From a previous post: "He said things like "I was always kind of different from everyone I met," and "working at Burger King was my 5 a.m. punishment for dropping out of high school." and so on. The way Dominique described his reminiscent car trip was something I'll always be able to visualize perfectly in my mind. He said, “It’s like shards of in-congruent memories coming together.” When I think of that sentence I can see myself driving through town with a friend in about 15 years time. We'll pass certain places in town and they'll look completely different, but I'll still be able to make out the small fragments of what it used to be.

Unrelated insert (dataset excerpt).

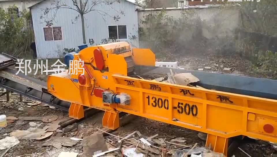 木材綜合破碎機(jī)工作時(shí),由電機(jī)帶動(dòng)轉(zhuǎn)子進(jìn)行高速旋轉(zhuǎn),同時(shí)進(jìn)料斗也在電機(jī)的帶動(dòng)下進(jìn)行緩慢的旋轉(zhuǎn),物料經(jīng)抓機(jī)投放進(jìn)料斗,料斗在旋轉(zhuǎn)的同時(shí)內(nèi)壁上的撥料齒會(huì)將物料均勻的撥到轉(zhuǎn)子上,高速旋轉(zhuǎn)的轉(zhuǎn)子碰到物料經(jīng)由轉(zhuǎn)子上刀片的切削和撕扯實(shí)現(xiàn)物料的初步破碎,進(jìn)過(guò)初步破碎的物料無(wú)在自身重力和轉(zhuǎn)子沖擊力的作用下掉在破碎腔內(nèi)的篩網(wǎng)上,符合要求的物料會(huì)通過(guò)篩網(wǎng)排出,而不符合要求的會(huì)在破碎腔內(nèi)進(jìn)行二次甚至三次的破碎加工直至符合要求。
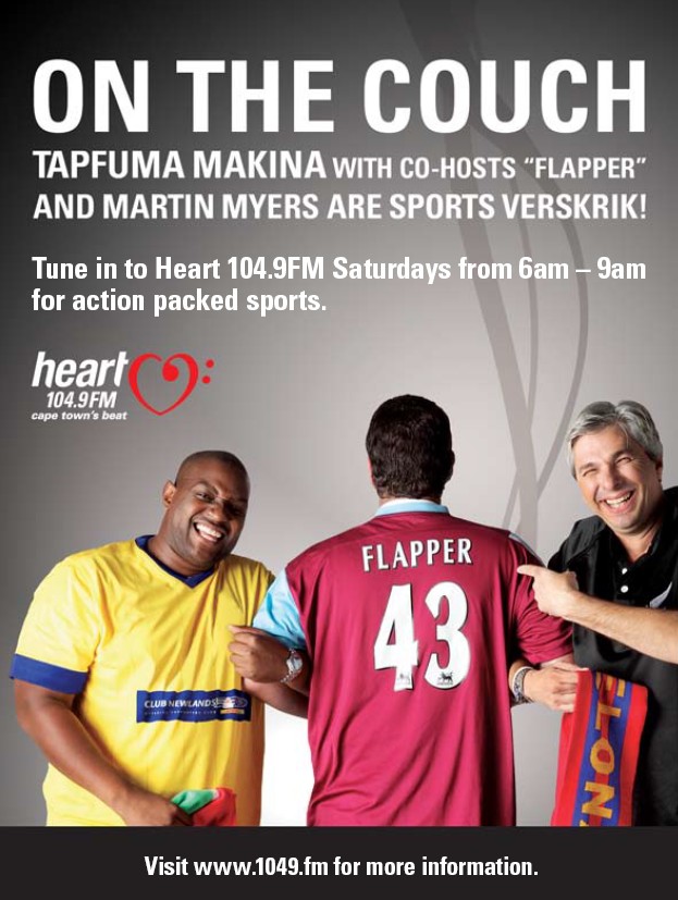 Take Tapfuma Makina and Heart 104.9FM on a Saturday morning. Add Martin Myers and someone known only as Flapper and you have On The Couch, a witty and crazy sports-themed show.

Maybe when that happens there'll be someone young sitting in the back seat like me.
It's nice to be able to sit in the back seat and relive someone's stories like a phantom. There's no outstanding expectation to say anything meaningful or poignant. You just have to open your notebook and know how to make it look like you're not writing down everything they say."

For me, writing is a back-brace if  I can't find another way to say what I need to. Most of the time I stick to personal journaling and creating art, but a lot of my "critical thinking" when it comes to my art is solved on paper with writing first. When I was a lot younger, I always had a notebook with me. I was always writing fantasy stories and making characters out of everything I saw. Back then, I wanted to be a writer. I don't exactly remember what changed my mind, but naturally I eased into visual art and that's where I have stayed. In the future, I have plans for more characters in my art and I might even make a graphic novel of sorts and I can't do that without creative writing. I just have to find the right inspiration to set that cog into motion.